L'administration Bush a toujours affirmé que les terroristes présumés prisonniers à Guantánamo, qui ne sont pas américains et sont détenus hors du territoire américain, ne pouvaient pas saisir un juge américain pour dénoncer leur détention sans inculpation.
Par deux fois, la Cour suprême lui a donné tort, mais le Congrès, alors dominé par les républicains, a répondu chaque fois par des lois limitant encore un peu plus l'accès des détenus à un juge. La plus haute juridiction du pays doit se pencher à nouveau sur la question cet hiver.
La loi actuellement en vigueur, promulguée à l'automne 2006, interdit aux détenus de saisir la justice civile avant d'avoir été traduits devant un tribunal militaire.
Pour ses détracteurs, cette loi est contraire à la Constitution, qui garantit l'accès de tout détenu à un juge. La Cour suprême du pays devra désormais déterminer si la Constitution américaine s'applique aux détenus de Guantánamo.

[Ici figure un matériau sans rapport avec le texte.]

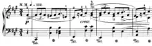 The second mazurka of the set, in C-sharp minor, is quite an outwardly dance-like piece, with a triple meter and bass line characteristic of a waltz. It starts with a slow introduction characterised by the play between the inner voices. The principal theme, returning a couple of times, although in slightly altered form, has a lyrical and almost melancholy character. The second theme makes use of the Lydian mode. The trio section provides a contrast with a more joyous theme. This then quickly fades into the opening introduction measures and the mazurka ends after the main theme is repeated twice. It lasts around two and a half minutes.[3]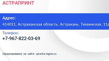 АСТРАПРИНТ по адресу 414011, Астраханская область, Астрахань, Тихвинская, 11а в дальнейшем Организация, размещена в следующих категориях: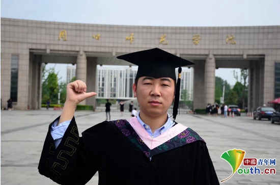 圖為周口師范學(xué)院畢業(yè)生劉凱在校門口留念。本人供圖

Le centre de détention de Guantánamo compte environ 340 prisonniers. Le gouvernement américain entend traduire 60 à 80 d'entre eux devant un tribunal militaire d'exception et rapatrier environ 80 autres, se gardant le droit de maintenir les près de 200 restant en détention sans inculpation jusqu'à la fin de la «guerre contre le terrorisme».